In this article, we describe mechanisms of action of ICI and CAR-T therapies, the agents currently in clinical use, and presentation of irAEs in abdominopelvic imaging. Case examples illustrate irAEs in multiple modalities and describe accompanying clinical scenarios. Finally, imaging mimics of irAEs are presented to demonstrate that a high index of clinical suspicion is required to not confuse irAEs with other more familiar diagnoses.

Mechanism of cancer immunotherapy

Immune checkpoint inhibitors

ICIs are monoclonal antibodies that target cytotoxic T-cell receptors and tumor surface ligands including cytotoxic T-lymphocyte antigen-4 (CTLA-4), programmed cell death protein 1 (PD-1), and programmed cell death ligand 1 (PD-L1). One mechanism that tumor cells use to avoid destruction is to bind these surface antigens and competitively inhibit costimulatory binding by other immune cells that would otherwise facilitate T-cell-mediated activity against the tumor cells. ICIs suppress this inhibition, thus activating T-cell mediated tumor cell destruction. ¹⁵

CTLA-4 and PD1 are inhibitory immune checkpoint receptors that regulate T-cell activation by separate mechanisms. CTLA-4 counteracts T-cell activation by concurrent CD28 co-stimulatory receptor and T-cell receptor to antigen binding. ^15–17 CTLA-4 functions in regulating autoimmunity by downregulating helper CD4 + T cells and enhancing immunosuppressive CD4 + regulatory T-cells. Whereas CTLA-4 mostly functions in T-cell activation, PD1 inhibitory receptor functions in limiting effector T-cells in tumors and non-tumor tissues where there are inflammatory responses to infection or autoimmune activity. PD1 is also present on other lymphocytes including B-cells and natural killer (NK) cells where its activity limits their ability to lyse target cells. Given that both CTLA-4 and PD1 regulate immune system activation that is not tumor-specific, their general inhibition for cancer treatment may be accompanied by increased autoimmune adverse events. ¹⁵

Imaging response patterns of tumors treated with ICIs can be different than those seen in patients on conventional chemotherapeutic regimens. For patients undergoing traditional cytotoxic systemic chemotherapy, success is defined as a decrease in size or disappearance of lesions over time and failure as an increase in size or appearance of new lesions. ¹⁸ In contrast, in patients treated with ICIs, successful treatment may manifest in a unique pattern known as pseudoprogression. ^9,19 Here, transient enlargement of lesions or appearance of new lesions is initially observed followed by a decrease in lesion size on subsequent imaging. Differentiation of progressive disease from pseudoprogression requires repeat imaging 4–8 weeks after imaging evaluation of initial response to ICIs.
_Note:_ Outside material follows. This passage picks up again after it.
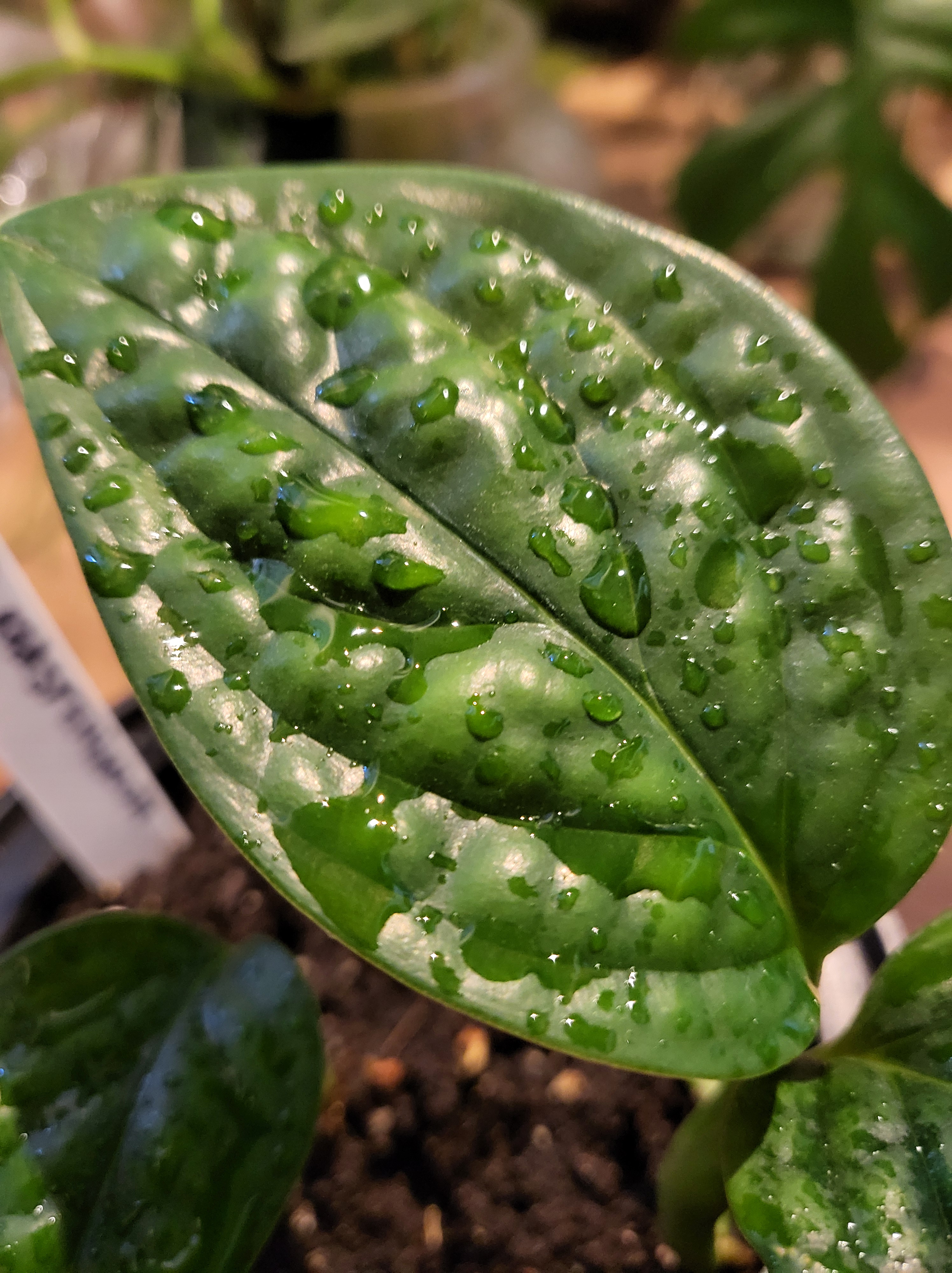 This particular monstera grows slower compared to Deliciosa or Adansonii and is frugal regarding light and water. Luckily for this plant, I live in a basement flat, so the humidity is spot on; although Peru is comfortable in low light, I’ve added some artificial lights to keep all my plants happy over winter.

However, in most patients, tumor enlargement does turn out to represent progressive disease rather than pseudoprogression, the latter of which has reported incidence of 10% or less. ²⁰ The pathogenesis of pseudoprogression is not well understood but may relate to transient T-cell infiltration into sites of tumor. ²⁰

Chimeric antigen receptor (CAR)-T cell therapy

CAR-T therapy is used to treat B-cell malignancies such as acute lymphoblastic leukemia, chronic lymphocytic leukemia, and in B-cell lymphomas and represents another approach to inducing immune-mediated cancer therapy. ²¹ Treatment involves infusion of a patient’s own T-cells that have been engineered to express a chimeric antigen receptor (CAR) targeting malignant cell surface antigens, such as CD19 on B-cell malignancies. A patient’s native T-lymphocytes are harvested using leukapheresis, artificially activated with antibodies, reprogrammed by virus-mediated genetic transduction of the CAR, expanded in number ex vivo, and then infused after the patient receives a preparatory chemotherapeutic induced depletion of in vivo lymphocytes (Figure 1a). ²¹ The CAR is made up by both tumor moiety recognition and T-cell signaling sites resulting in a host immune response against the tumor cells. ²² Aside from B-cell malignancies, ongoing trials are evaluating CAR-T cell therapy for solid organ malignancies and different types of lymphoma. ²²

Figure 1.

(a) Chimeric antigen receptor (CAR) T-cell therapy. In patients with B­ cell leukemias or lymphoma, the patient’s own T-cells are engineered ex vivo to express a chimeric antigen receptor (CAR) targeting CD19 expressed on the surface of most malignant B cells. When infused back into the patient, the stimulation of cytotoxic immune response from the reprogrammed T cells kills the B cell tumors. (b) Immune response adverse events (irAEs). irAEs associated with cancer immunotherapy have been reported in almost every major organ and can present as acute or chronic inflammation.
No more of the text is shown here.